Unnatural Catastrophes

One of Digby's latest missives brings up a point that I think needs to be brought out much more forcefully than has previously been done. From the flooding of New Orleans in the wake of Katrina, through the bridge collapse, and now the cluster that is the horrid rescue attempt after the mine collapse (one would think a mine owner would know there are such things as geologists with instruments called seismographs that tell us whether or not there has been an earthquake). The New Orleans fiasco is too often attributed to Hurricane Katrina; the bridge collapse is now being blamed on the mechanical failure of part of the truss structure; the mine collapse on an invisible earthquake. In each case, however, the direct cause is the failure to follow through on certain public policies (infrastructure investment and maintenance), or adopting public policies that were known to be potentially detrimental (draining wetlands in the Delta for real estate development).

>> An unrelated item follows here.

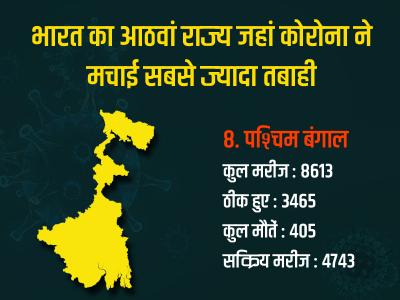 पश्चिम बंगाल में कोरोना वायरस के कुल मरीज 8613

We have been on a generational binge to the detriment of the social contract in this country, and now that the bills are coming due, there are those who wish to deny we owe anyone anything. The saddest part is that there is no way to hold accountable those directly responsible for the rape of our infrastructure other than denying them office. We cannot charge with public malfeasance and neglect those legislators who denied monies for road and bridge repair and maintenance, or those developers and zoning boards who connived to remove from southern Louisiana a natural hurricane buffer, or the Army Corps of Engineers for neglecting the levies around the poorest neighborhoods in New Orleans. The best we can do is drive out of business a mining company that engages in practices that are extremely hazardous and careless with the lives and health of its employees. The entire bizzare disaster in Utah is an object lesson in why enforced regulation is necessary; having an economy run without any kind of legal oversight leads to human tragedies, often multiplied by the sheer incompetence of those titularly in charge.

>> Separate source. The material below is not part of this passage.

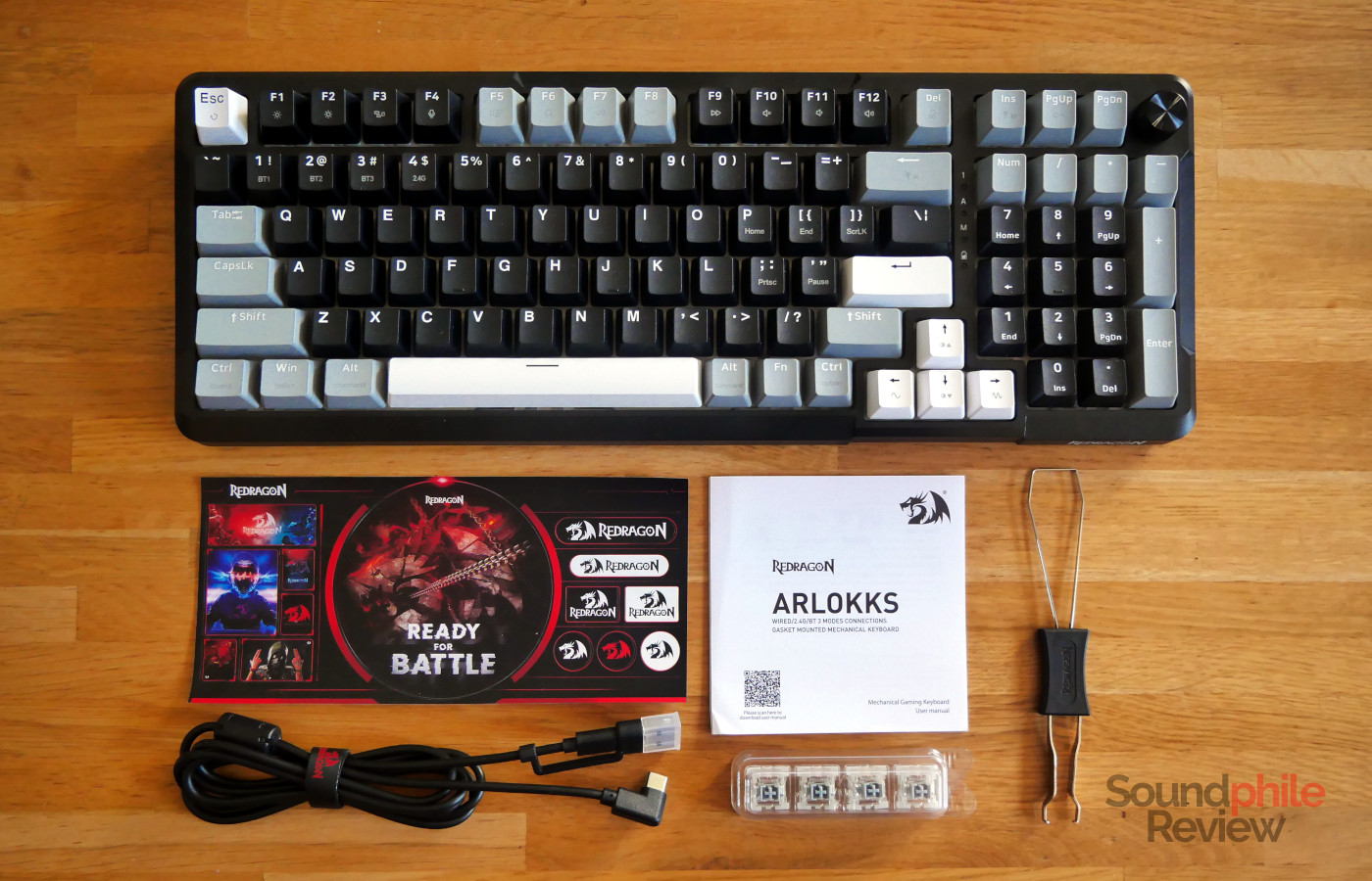 The Redragon K742 Arlokks comes with a combined keycap and switch puller, a USB-C to right-angled USB-C cable (with an adapter to make the straight USB-C connector a USB-A), four spare switches and a manual.

We have much work to do repairing the damage wrought in just a few years by a gaggle of crooks who saw public office as a cash cow for themselves and their benefactors, insisting that the public was better off without all those pesky taxes and regulation. We now know how wrong such a philosophy is; we have always known it, and some of us have been talking about how wrong it is for a long time. With the public demonstration of its utter failure as a public policy alternative, we need to count lost lives among the costs for trying to pretend that problems fix themselves, higher return on investments is the sole social good for which government exists, and that we as a people would be much better off if we recognized that "government is the problem". The people have unlearned these lessons; it is time those who represent us did so as well.